Mad Mad World of Sports

For a blog about Sunday comics, I haven’t talked much about other obscure Sunday comics that haven’t been reprinted. The reasons for this are twofold. Firstly, most of the comics I wanted to talk about, I already gave special mention to and gave them the attention they deserved. The second reason ties into the first, which is that the remainder are comics that weren’t very popular to begin with.

The following is a joint creation between Christian and Yvon Tremblay. (Later YC Tremblay & Blez) I’ve been unable to find any reference to either of them online, which suggests that this was a failed attempt. Not all comics are able to survive the cutthroat world of newspaper comics, even without the legacy strips cluttering up the pages, and these samples show us why.

Each strip follows the same single-panel layout. An animal is placed in an absurd situation for their chosen sports profession. Some of these seem rather obvious (a penguin playing hockey) while others seem totally random. (A fox going skiing?) It’s not even an artic fox, but a regular red fox with the typical bushy tail.

Apart from not quite grasping the audience’s attention, the jokes themselves (the major selling point of any comic) aren’t very funny.
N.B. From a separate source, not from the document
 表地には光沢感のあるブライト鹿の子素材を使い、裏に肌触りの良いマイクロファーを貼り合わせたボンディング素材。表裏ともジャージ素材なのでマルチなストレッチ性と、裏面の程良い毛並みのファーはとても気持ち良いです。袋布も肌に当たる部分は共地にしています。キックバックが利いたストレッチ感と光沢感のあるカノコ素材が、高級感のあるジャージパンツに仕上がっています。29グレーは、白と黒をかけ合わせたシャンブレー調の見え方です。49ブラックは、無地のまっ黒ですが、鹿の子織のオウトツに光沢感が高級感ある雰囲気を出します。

It’s notoriously difficult to do single-panel comics that’ll convey everything in one humourous situation, and these examples show how not to create a comic. They have all the semblance of a joke, the drawing of a joke, but it isn’t a good joke. There are bad comics that’re funny because they’re awful, and then there’s bad comics that’re just plain awful.
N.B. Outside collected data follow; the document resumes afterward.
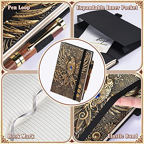Diario di Viaggio, Taccuino Pelle Righe Copertina Rigida,Quaderno di Viaggio Goffrata, Fatto a Mano, 200 Pagine, travel journal Regalo per Donna Uomo (Fenice,Bronzo)
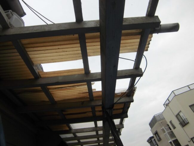 リフォーム部森です。 近隣のアパートで庇の波板が風にあおられて吹き飛んでしまったと言うことで張り替えの工事をする事になりました。 昨日剥がしてきたので写真の状態になりました。 今日はあいにく雨が降ってしまっ…
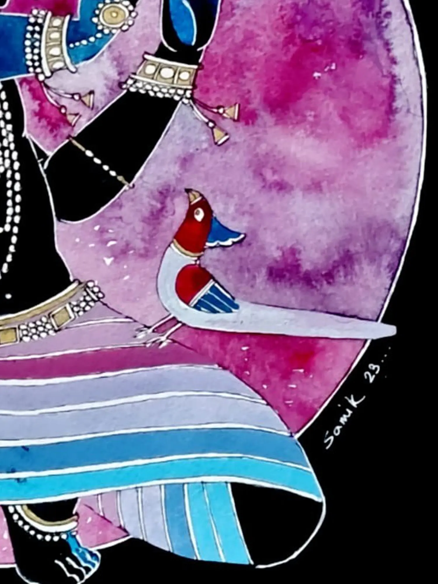 Artwork showcases vibrant blues, delicate pearl necklaces, and intricate golden embellishments.
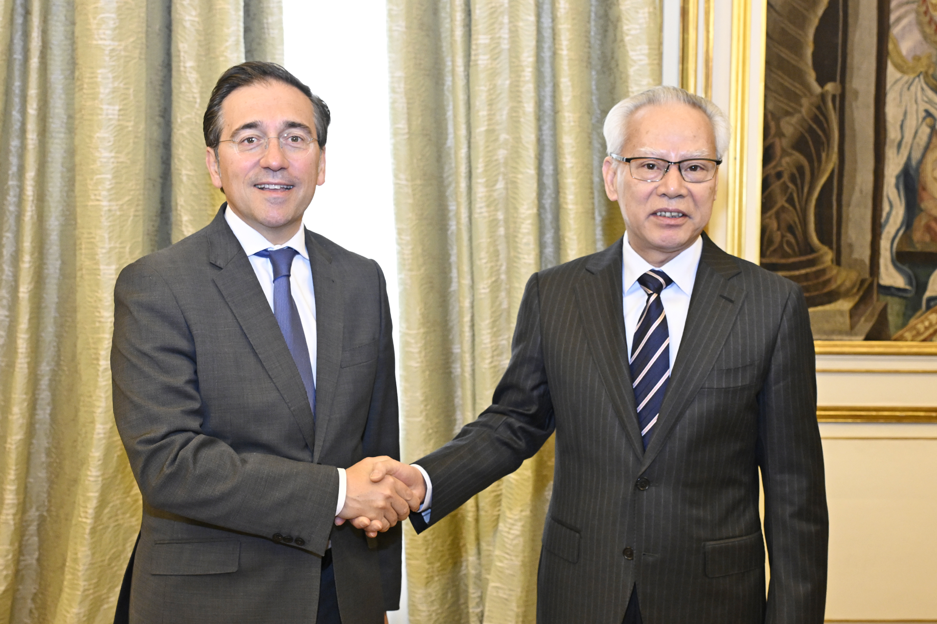 【即時新聞】行政長官岑浩輝於當地時間22日上午,在馬德里與西班牙外交、歐盟和合作大臣何塞·曼努埃爾·阿爾瓦雷斯·布埃諾(José Manuel Albares Bueno)會面,藉此為未來澳門與西班牙加強經貿、文化及創科等方面的交流合作奠定良好基礎,雙方同意繼續保持對話,推動相互合作向前邁進。

For the most part, they’re more baffling than funny. Like the Monty Python special that collected all of Terry Gilliam’s animations in one short. They’re better seen in small doses than absorbed in one large draft. The problem is that even in small amounts, they’re still largely unsatisfying.
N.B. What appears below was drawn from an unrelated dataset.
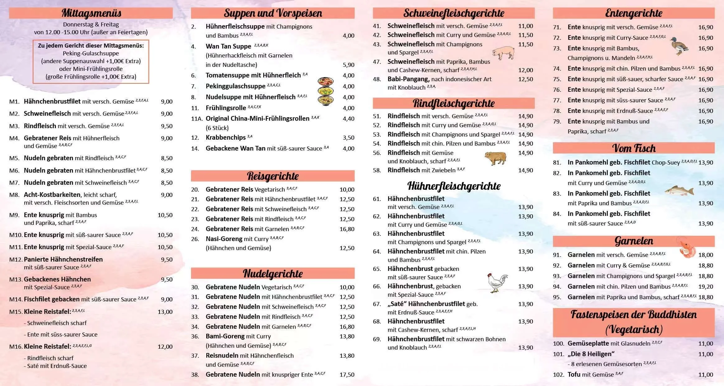 Selbstverständlich bieten wir ihnen auch chinesische Köstlichkeiten separat in unserem Menü an. Alle Speisen auch zum Mitnehmen. Gern nehmen wir Ihre telefonische Bestellung an.

I also suspect that the reason for this strip's obscurity isn't just because of it's subject material, but also because it might've not originated in this country. Take the baseball player rubbing his head. While other comic onomonopia would have him “scratching”, he’s “croushing” instead. Obviously, English isn’t his first language.

While reoccurring animals were rare, there was a common theme between the ones who showed up more than once. Apparently it was decided it’d be funnier just to focus on large animals who were bigger than the people they were around. Before my newspaper canceled this, only Rhinoot, Basely, King-Boskin (later shortened to Boskin), and Wresly were making regular and frequent appearances.

Another reason for not showing these was because the original newspaper print quality for the strips ruined the colourization for many of these comics. The lousy colouring and superimposed double text (making a bad comic harder to understand), would cause epileptic seizures or make people think there was something wrong with their eyes. (Don't worry, it's not just you) I'm wondering if there even is an audience for this kind of stuff. I'm sure there's a surefire formula for displaying cartoonish sports figures in wacky situations, but this isn't it.